**WHAT THE EXERCISE ASKS**
From the first line of the entries below, reproduce everything exactly through the line with "Our other critique", and nothing more.

GIVEN ENTRIES section start

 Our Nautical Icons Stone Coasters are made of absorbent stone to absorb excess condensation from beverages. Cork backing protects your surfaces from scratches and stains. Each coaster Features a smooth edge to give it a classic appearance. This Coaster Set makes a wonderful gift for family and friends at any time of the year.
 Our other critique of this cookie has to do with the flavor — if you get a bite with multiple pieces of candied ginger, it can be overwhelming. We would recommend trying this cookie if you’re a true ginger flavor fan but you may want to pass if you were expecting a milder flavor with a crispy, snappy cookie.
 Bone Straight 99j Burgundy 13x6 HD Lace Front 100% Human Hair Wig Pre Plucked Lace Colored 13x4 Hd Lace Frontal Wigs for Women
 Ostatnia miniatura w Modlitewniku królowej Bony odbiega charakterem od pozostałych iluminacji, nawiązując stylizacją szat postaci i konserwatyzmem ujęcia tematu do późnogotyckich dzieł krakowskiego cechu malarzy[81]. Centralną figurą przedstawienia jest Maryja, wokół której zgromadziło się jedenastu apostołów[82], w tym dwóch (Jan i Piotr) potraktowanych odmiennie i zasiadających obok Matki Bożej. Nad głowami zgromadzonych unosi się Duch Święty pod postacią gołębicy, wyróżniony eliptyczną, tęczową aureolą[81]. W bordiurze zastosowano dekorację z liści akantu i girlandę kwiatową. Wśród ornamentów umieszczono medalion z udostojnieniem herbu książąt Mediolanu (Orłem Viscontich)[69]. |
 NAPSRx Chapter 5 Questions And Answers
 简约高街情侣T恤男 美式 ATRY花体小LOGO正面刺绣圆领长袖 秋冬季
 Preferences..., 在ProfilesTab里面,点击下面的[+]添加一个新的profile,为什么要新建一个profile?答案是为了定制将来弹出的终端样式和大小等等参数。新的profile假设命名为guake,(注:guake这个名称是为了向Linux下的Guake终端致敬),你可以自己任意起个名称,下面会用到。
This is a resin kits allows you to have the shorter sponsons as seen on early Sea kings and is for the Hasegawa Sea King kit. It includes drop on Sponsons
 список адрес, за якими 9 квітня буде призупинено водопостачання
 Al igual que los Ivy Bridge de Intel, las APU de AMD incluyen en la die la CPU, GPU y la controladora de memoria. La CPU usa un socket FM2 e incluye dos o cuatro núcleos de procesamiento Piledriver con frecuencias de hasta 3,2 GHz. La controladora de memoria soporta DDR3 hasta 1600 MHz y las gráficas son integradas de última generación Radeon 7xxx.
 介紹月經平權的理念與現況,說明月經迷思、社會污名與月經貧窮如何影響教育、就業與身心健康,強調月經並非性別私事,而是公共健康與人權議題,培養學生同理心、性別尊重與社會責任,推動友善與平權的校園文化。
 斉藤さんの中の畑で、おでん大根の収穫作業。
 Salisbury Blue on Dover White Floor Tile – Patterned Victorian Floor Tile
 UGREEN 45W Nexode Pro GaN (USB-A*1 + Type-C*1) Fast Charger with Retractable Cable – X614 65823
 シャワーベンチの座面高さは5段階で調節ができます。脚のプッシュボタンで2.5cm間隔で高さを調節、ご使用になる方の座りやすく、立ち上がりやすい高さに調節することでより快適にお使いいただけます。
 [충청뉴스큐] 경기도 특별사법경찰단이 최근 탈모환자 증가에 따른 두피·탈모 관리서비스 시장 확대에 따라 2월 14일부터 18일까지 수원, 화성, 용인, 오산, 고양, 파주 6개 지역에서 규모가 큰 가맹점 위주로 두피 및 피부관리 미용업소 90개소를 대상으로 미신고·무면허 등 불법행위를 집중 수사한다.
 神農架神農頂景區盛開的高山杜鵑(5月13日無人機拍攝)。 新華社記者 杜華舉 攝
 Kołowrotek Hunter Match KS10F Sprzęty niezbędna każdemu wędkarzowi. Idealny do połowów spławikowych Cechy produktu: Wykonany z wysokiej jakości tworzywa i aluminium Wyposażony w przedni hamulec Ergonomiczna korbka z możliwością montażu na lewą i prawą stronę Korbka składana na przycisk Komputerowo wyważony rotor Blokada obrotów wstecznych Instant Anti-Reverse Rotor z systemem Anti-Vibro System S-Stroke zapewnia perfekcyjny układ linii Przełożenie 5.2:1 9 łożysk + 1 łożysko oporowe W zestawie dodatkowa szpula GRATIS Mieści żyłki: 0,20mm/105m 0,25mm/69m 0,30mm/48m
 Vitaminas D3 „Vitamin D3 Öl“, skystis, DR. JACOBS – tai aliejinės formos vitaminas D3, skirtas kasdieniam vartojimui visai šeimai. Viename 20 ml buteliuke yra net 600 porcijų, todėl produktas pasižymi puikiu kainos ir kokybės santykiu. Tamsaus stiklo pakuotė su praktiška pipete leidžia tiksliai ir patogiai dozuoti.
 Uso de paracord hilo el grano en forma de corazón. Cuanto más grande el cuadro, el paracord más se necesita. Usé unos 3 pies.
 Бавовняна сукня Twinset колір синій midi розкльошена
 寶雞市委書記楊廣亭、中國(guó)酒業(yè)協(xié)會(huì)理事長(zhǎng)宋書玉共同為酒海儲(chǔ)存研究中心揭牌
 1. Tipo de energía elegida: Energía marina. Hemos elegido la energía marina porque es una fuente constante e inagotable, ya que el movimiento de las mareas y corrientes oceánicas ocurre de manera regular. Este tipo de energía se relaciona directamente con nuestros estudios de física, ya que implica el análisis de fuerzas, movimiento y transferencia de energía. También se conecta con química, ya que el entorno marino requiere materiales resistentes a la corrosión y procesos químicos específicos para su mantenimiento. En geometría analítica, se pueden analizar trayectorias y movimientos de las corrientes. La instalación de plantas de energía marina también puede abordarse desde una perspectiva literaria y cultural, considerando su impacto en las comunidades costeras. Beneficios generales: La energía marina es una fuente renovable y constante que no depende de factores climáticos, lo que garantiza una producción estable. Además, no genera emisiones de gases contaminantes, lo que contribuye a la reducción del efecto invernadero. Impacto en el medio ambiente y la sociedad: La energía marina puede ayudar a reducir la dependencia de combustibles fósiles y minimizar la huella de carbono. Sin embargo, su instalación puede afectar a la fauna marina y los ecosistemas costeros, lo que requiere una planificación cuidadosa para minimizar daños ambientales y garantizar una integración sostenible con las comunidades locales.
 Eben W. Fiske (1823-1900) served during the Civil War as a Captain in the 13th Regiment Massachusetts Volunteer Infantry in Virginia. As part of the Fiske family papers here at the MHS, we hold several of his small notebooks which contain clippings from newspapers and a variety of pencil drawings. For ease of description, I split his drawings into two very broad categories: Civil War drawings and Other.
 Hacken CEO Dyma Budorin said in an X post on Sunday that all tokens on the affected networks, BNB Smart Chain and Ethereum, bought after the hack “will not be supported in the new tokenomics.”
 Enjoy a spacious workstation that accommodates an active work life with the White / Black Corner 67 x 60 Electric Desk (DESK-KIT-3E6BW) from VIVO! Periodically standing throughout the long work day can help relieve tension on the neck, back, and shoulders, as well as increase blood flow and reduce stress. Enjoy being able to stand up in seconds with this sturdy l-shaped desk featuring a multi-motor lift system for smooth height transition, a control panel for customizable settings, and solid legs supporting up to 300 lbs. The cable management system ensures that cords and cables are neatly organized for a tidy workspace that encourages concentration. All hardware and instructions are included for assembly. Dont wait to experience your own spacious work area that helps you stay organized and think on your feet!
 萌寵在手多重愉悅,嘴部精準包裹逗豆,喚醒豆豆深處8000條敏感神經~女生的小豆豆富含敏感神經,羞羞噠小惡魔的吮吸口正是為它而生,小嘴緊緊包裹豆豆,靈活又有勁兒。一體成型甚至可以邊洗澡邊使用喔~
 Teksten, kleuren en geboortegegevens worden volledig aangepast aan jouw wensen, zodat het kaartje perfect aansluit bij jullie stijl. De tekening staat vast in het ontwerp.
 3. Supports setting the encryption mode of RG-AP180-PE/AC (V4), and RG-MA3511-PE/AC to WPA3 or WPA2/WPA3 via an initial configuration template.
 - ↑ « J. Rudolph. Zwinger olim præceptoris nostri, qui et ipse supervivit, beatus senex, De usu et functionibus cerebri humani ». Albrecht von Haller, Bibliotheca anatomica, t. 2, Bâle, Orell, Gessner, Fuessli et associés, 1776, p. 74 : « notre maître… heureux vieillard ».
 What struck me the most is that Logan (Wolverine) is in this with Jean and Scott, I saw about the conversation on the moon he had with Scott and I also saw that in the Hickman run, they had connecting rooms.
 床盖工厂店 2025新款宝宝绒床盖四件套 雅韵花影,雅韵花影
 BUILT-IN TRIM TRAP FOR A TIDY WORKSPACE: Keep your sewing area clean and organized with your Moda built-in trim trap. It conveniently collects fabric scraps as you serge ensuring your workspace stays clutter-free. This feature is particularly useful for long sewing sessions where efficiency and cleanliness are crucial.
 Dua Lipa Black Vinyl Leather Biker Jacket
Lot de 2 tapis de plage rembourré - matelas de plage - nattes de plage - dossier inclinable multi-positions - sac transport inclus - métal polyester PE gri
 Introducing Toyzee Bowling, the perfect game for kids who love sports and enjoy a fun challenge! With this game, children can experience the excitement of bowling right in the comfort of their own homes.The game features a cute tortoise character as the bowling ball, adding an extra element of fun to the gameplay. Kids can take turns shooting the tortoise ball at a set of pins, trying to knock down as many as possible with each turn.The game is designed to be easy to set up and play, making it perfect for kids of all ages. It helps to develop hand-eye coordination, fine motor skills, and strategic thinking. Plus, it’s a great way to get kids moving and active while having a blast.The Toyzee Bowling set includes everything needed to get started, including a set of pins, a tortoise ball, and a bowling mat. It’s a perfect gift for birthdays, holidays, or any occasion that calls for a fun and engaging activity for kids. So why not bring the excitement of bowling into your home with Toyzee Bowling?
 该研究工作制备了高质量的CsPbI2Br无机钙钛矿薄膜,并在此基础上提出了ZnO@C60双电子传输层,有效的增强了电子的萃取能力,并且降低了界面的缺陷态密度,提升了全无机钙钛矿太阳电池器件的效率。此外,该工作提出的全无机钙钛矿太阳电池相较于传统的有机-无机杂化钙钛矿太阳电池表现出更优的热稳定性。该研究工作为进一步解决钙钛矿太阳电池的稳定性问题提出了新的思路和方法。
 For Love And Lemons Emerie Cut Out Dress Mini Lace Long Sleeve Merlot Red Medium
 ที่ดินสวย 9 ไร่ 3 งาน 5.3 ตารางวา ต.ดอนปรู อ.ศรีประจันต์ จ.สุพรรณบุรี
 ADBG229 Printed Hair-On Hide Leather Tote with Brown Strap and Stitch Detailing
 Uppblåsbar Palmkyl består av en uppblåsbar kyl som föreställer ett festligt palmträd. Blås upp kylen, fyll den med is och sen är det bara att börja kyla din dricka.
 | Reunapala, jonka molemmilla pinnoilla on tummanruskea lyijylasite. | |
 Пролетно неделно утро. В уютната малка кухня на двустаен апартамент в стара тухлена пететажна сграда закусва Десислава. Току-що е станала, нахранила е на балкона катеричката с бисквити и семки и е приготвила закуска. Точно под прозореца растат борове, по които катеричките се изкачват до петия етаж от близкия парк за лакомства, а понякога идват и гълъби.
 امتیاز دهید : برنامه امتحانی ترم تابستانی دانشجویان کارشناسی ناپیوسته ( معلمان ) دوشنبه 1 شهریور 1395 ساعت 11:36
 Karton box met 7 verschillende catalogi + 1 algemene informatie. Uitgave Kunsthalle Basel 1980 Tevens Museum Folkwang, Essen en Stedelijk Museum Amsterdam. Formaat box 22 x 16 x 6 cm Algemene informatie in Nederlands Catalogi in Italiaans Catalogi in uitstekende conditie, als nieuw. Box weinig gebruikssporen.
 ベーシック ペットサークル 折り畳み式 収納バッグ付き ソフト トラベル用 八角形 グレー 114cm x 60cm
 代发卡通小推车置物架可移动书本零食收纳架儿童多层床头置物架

GIVEN ENTRIES section end

**PROBLEM SOLUTION**
 Our Nautical Icons Stone Coasters are made of absorbent stone to absorb excess condensation from beverages. Cork backing protects your surfaces from scratches and stains. Each coaster Features a smooth edge to give it a classic appearance. This Coaster Set makes a wonderful gift for family and friends at any time of the year.
 Our other critique of this cookie has to do with the flavor — if you get a bite with multiple pieces of candied ginger, it can be overwhelming. We would recommend trying this cookie if you’re a true ginger flavor fan but you may want to pass if you were expecting a milder flavor with a crispy, snappy cookie.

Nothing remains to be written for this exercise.